Really the better way to get a uniform color is if you have the means of spraying. A dye stain such as Mohawk Ultra Penetrating Stain would stain more uniform. You would just spray it on with a paint sprayer at lot pressure.


----------



## cabinetman (Jul 5, 2007)

DIY-Her said:


> so, can anyone tell me the best way to condition the wood before staining?
> 
> This is the first time I'll be staining cherry wood.
> I've done oak, walnut, mahogany, maple, alder and couple pieces of pine I did years ago.


For some wood a uniform sanding to 220x might take stain more evenly. You could use Zinsser Seal Coat and mix 50/50 with denatured alcohol and wipe on. A conditioner is basically a sealer, and it can prevent the penetration of a stain. It doesn't necessarily only absorb into the soft parts of the wood, but absorbs into all the wood. 








 








.


----------



## DIY-Her (Feb 14, 2014)

thanks so much, appreciate your knowledge 
Just did a Google search and found this
http://www.rockler.com/zinsser-bullseye-sealcoat
I checked out the reviews on Rockler, and the only one I am questioning is the very last one that they guy said it changed the color of his wood.
So people use this for more than a wood conditioner? One person on the list said they have used it as a top coat on some things.

Guessing I could also find it at Sherwin Williams store, or maybe Home Depot or Lowes. I've bought Zinsser primer and is what I sprayed on all my upper cabinets and center island before I sprayed the 2 topcoats of paint.


----------



## FrancescoIgnagn (Mar 7, 2014)

I recommend you to use oil based stain. The best product for that is Pre strain wood conditioner that is fade resistance and gives you a long lasting beauty.


----------



## DIY-Her (Feb 14, 2014)

thanks Frances. 
I was just searching a name of a stain color from a local kitchen company and found the same color name made by General Finishes in the dye stain.
I don't see mention that the dye stain is oil based?

http://www.woodworkingshop.com/product/gf90073/

Do all dye stains have to be sprayed?

I know Conestoga Woods is big on doing hand rubbed stains on all their cabinets that are prefinished.


----------



## DIY-Her (Feb 14, 2014)

I took a better photo with the correct white balance in camera 
This time the photo's white balance is truer to what the stain actually looks like compared to the first one I posted a couple days ago.


----------



## DIY-Her (Feb 14, 2014)

Still looking for the best product for a durable topcoat for my cherry kitchen cabinets.

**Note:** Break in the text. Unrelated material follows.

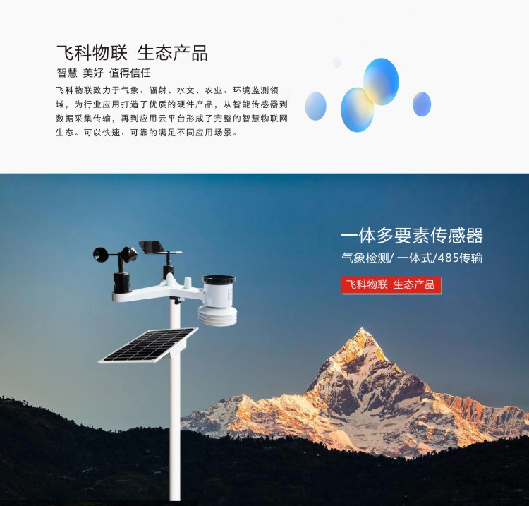 FY-QG系列一體式多要素傳感器,可對風速、風向、溫度、濕度、氣壓、雨量、光照、紫外、輻射、PM2.5、PM10、噪聲等進行同步測量。采用進口傳感元件作為感應部件,具有測量精度高、穩定性好等特點,傳感器采用先進的電路集成模塊,可根據用戶的不同需求輸出RS232、RS485、4G等通訊方式傳輸。儀器體積小巧,安裝方便且便攜,性能可靠;可廣泛應用于氣象觀測、環境控制、農業、工廠等諸多領域。

Started looking into General Finishes.
Went to a somewhat local woodworking store and came home with 2 pints of stain color I want to try, and 1 pint of top coat that is an oil wipe on by General Finishes called Arm R Seal.
It looks like a nice product, but I don't think I want to use it for my cabinets.

I'm thinking their Enduro-Var water based in satin might be a better choice. They list it as one of their best and hardest waterbased that is closest to an oil bast top coat.
Anyone here used it yet?

http://www.rockler.com/general-finishes-enduro-var-water-based-urethane-satin


----------